« Le poison de la concentration des médias, la croisade culturelle de milliardaires contre les libertés collectives, continueront d’infuser lentement ici et là. Le terreau médiatique est devenu si fertile pour la pousse de l’extrême droite et de la censure. » Alors que se précise l’hypothèse de la vente d’Editis au milliardaire tchèque Daniel Kretinsky, dessinant un paysage éditorial constitué de deux mastodontes avec le groupe Bolloré, un ensemble d’élu·es Nupes s’inquiète de l’absence de mécanismes de protection contre les phénomènes de concentration.
Le dossier Bolloré agite le monde de l’édition depuis le début de l’année 2022. En se lançant dans une acquisition de Hachette-livre, une opération conditionnée par l’Union européenne à sa séparation préalable du groupe Editis, le milliardaire a semé le doute et l’incertitude au sein des deux maisons. Cette manœuvre, confuse et trouble depuis plusieurs mois, aura eu le temps de miner un peu davantage un paysage éditorial déjà très fragile.
Après le spectre d’une cession du groupe Editis à un consortium de trois hommes d’affaires - des parlementaires de la NUPES avaient écrit à la ministre de la Culture pour s’en inquiéter -, l’hypothèse de sa vente au milliardaire tchèque Daniel Kretinsky est aujourd’hui la plus probable. Si l’édition sortira immanquablement groggy de cette opération, le phénomène de concentration dans les médias se révèle lui dans une santé éclatante. (...)
Cette offensive explique aussi les craintes, tout à fait légitimes, des salariés du groupe Editis. C’est pourquoi leurs syndicats demandent à être reçus prochainement par le repreneur probable. Garanties quant à la préservation des emplois, au maintien de l’unité « édition-diffusion-distribution » du groupe, à une indépendance éditoriale très malmenée ces dernières années (on ne compte plus les complaisances de la direction à l’égard de l’extrême-droite)... Les sujets d’inquiétude sont nombreux.
Côté Hachette-livre, s’ouvre pour les salariés une période orageuse. Incertitude sur la politique de l’emploi, sur le devenir de l’identité du groupe, sur l’autonomie des maisons qui le composent, sur le projet éditorial et industriel d’un Vincent Bolloré dont on connait l’appétit politique. Si l’option Kretinsky est confirmée et remet Editis d’aplomb, la manœuvre de dislocation de l’édition par Vincent Bolloré aboutira – au mieux – à reconstituer une dynamique de mastodontes. (...)

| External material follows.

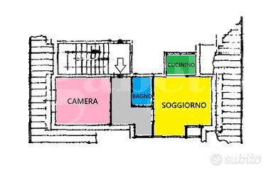 a due passi dal laghetto, appartamento al secondo e ultimo piano, composto da ampio ingresso con armadiature, una camera da letto matrimoniale, soggiorno con cucinino separato da una parete scorrevole e servizio.

La seule, donc, à sortir la tête haute de cette opération viciée dès le départ, celle par qui le malheur arrive et arrivera encore à terme, c’est la concentration des médias. (...)
C’est dire l’urgence de mécanismes de protection contre les phénomènes de concentrations dans l’édition, dans la culture, dans l’ensemble de notre l’économie. La gauche n’est pas sans proposition sur ce sujet, loin de là. (...)
Alors que le peuple français fournit en ce moment, dans la bataille sur la contre-réforme des retraites, la preuve de sa capacité de mobilisation, nous appelons à ce que la nécessaire sauvegarde de la création et de l’indépendance ravive ce combat collectif contre la concentration des médias.